Romanticism Exhibition

Hoffmann’s tumultuous tale recounts the adventures of the quaint Peregrinus Tyss and Master Flea in Frankfurt. The latter is an exceptional insect who seeks shelter with Tyss, causes him hardship—and ultimately brings him back to life. With his “mind microscope”, the flea can expose what is going through the mind of anyone he encounters. He is being chased by two naturalists who identify themselves as 200-year-old scholars, and a beautiful Dutchwoman who is also a mythical princess. She, in turn, is being pursued by a student who doubles as a magic thistle, as well as a prince who sometimes reveals himself to be a leech. In the end, Tyss finds his true love — his splendid reward for doing a good deed.

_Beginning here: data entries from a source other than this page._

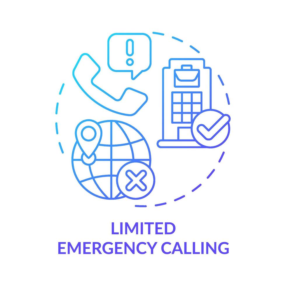 Limited emergency calling blue gradient concept icon. Actual location data. UCaaS problems abstract idea thin line illustration. Isolated outline drawing. Myriad Pro-Bold fonts used Pro Vector and Pro SVG
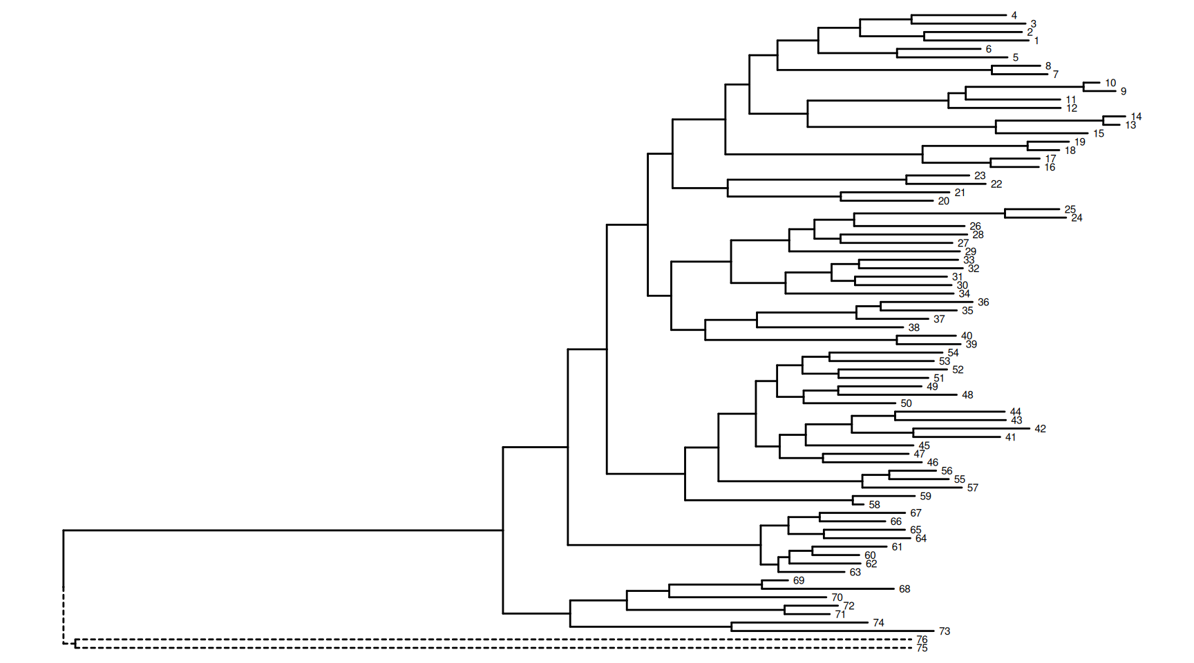 Rooted; no branch length.
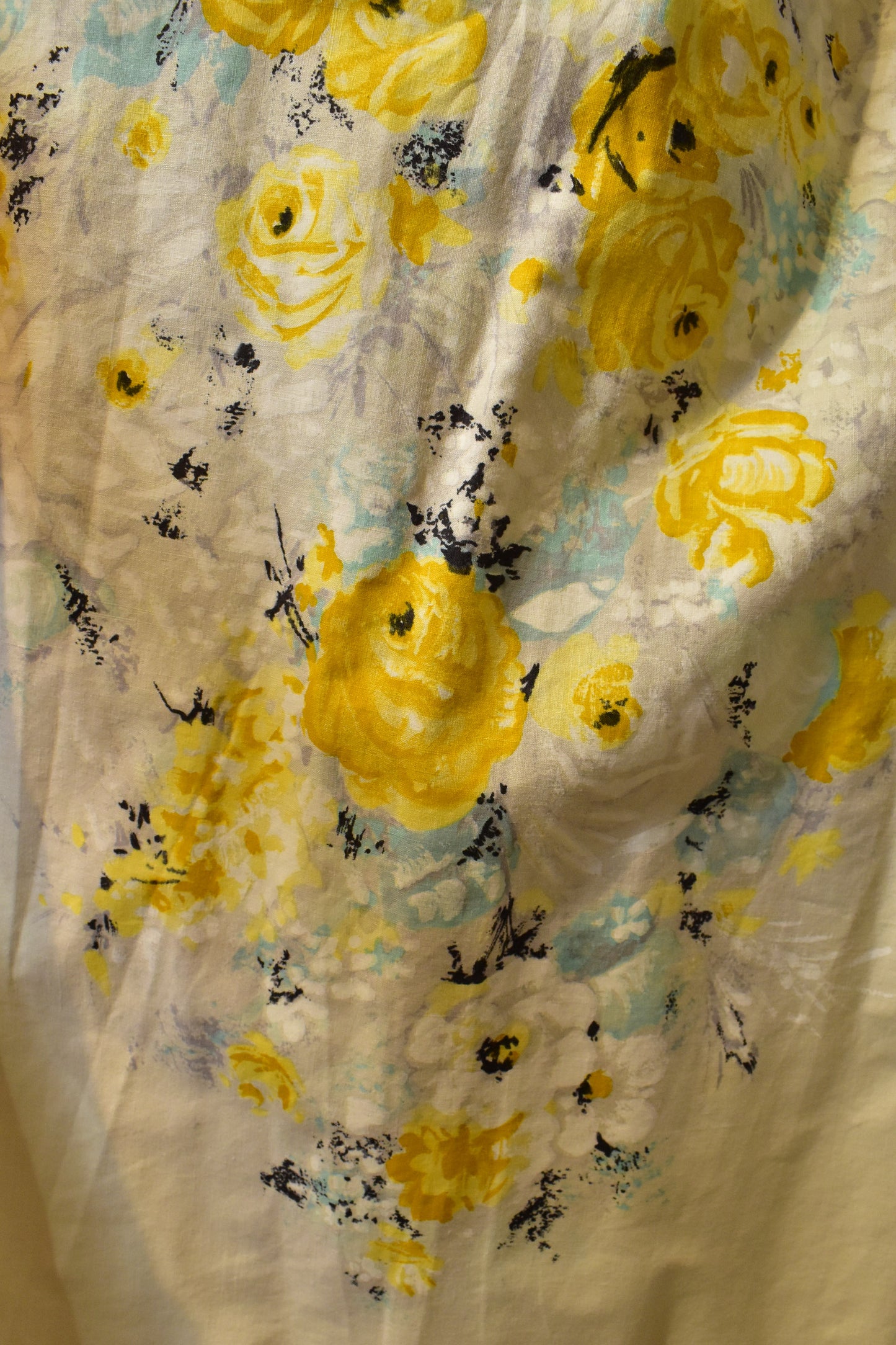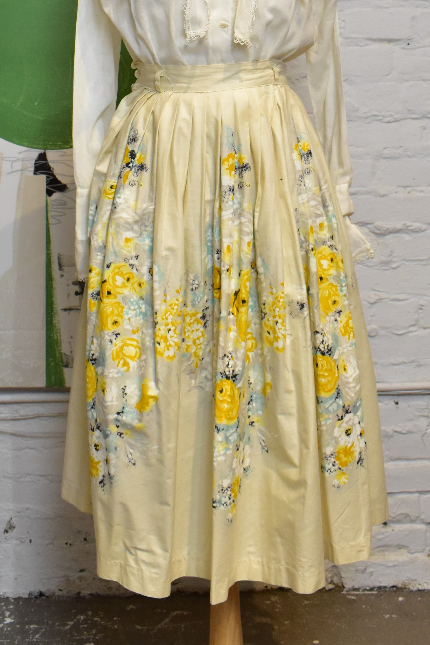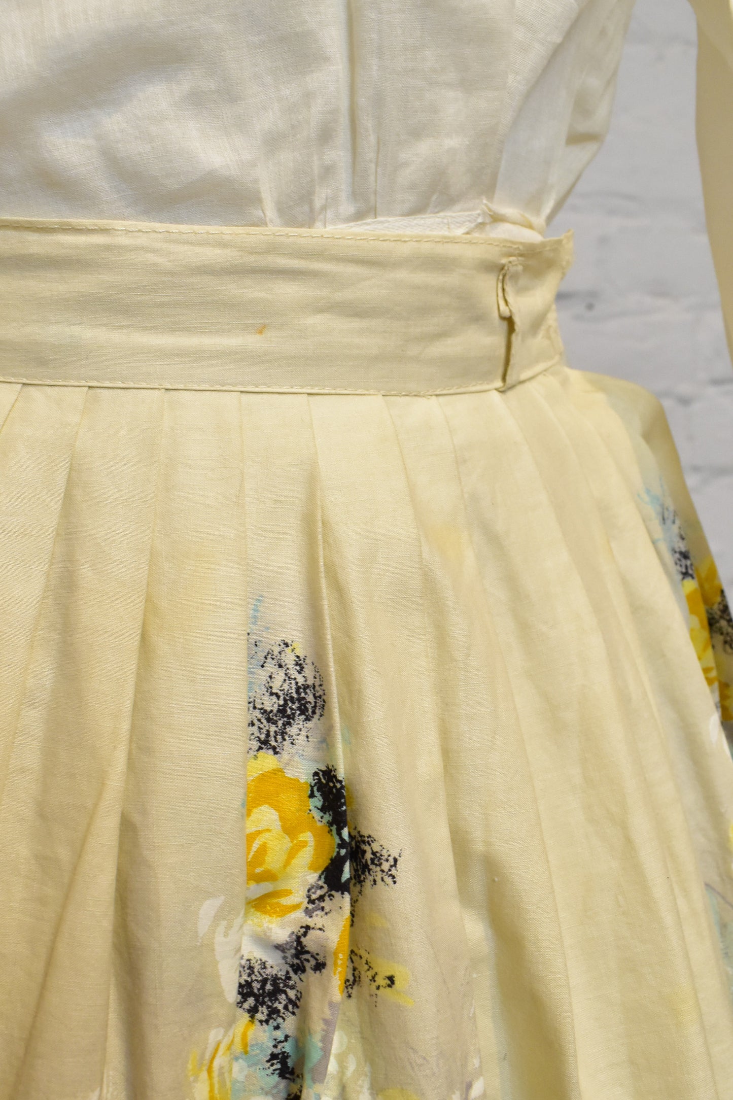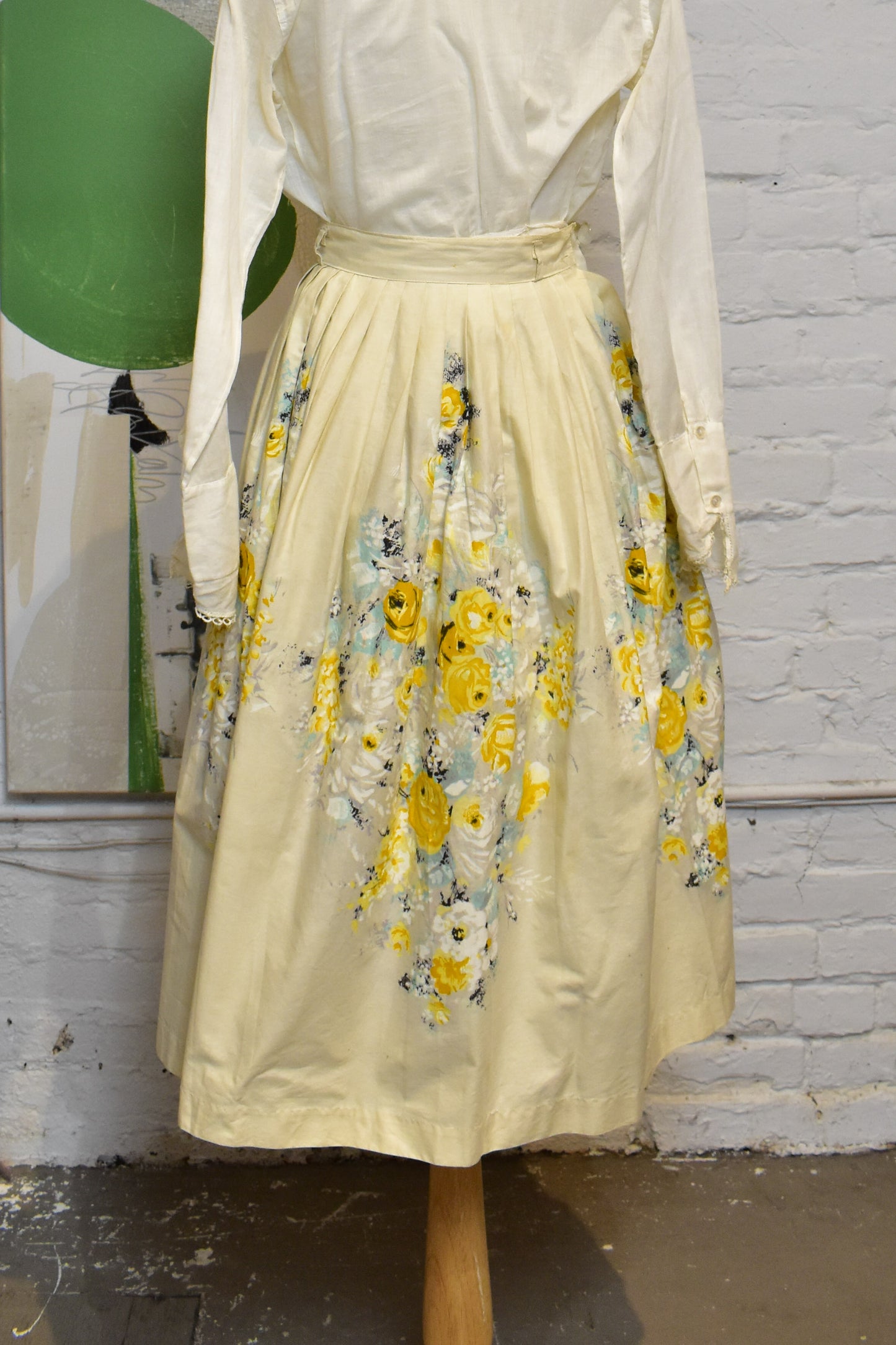 Vintage 1950's/1960's Cream Cotton Skirt. Blue and Yellow Floral Pattern. Side Button/Zipper Closure. Belt Loops. Unlined.

The wall design of this display alludes to the fantastical plot in which everything descends into utter confusion. You can set the turntables spinning with cranks in just the way the story turns every established order topsy-turvy. It plays out simultaneously in Frankfurt am Main and the magic kingdom of Famagusta — temporal laws are no longer in effect. The boundaries between human beings, animals, and plants dissolve. Hoffmann shows how science connects reality and the imagination by transporting optical instruments like the microscope, magic lantern, and telescope into the realm of fantasy. The only character capable of bringing light into darkness is Master Flea, whom Hoffmann portrayed in a cover illustration, “wrapped in the most beautiful, amply folding gown, holding a blazing torch in his front paws”.

The so-called Knarrpanti passage of Hoffmann’s tale is a mockery of Berlin’s conservative police director Karl Albert von Kamptz. When Kamptz learned of the caricature, the manuscript was already in the publishing house. He had it confiscated and the entire passage deleted, and sued Hoffmann for slander of a public official. In his defence, the author wrote a statement describing his story as the “fantastical birth of a humoristic writer”. The disciplinary proceedings came to nought, however, because Hoffmann died on 25 June 1822, shortly after the publication of Master Flea. Eighty-four years later, the censored passage was discovered in the Secret State Archive in Berlin, and the work finally appeared in its entirety in 1908.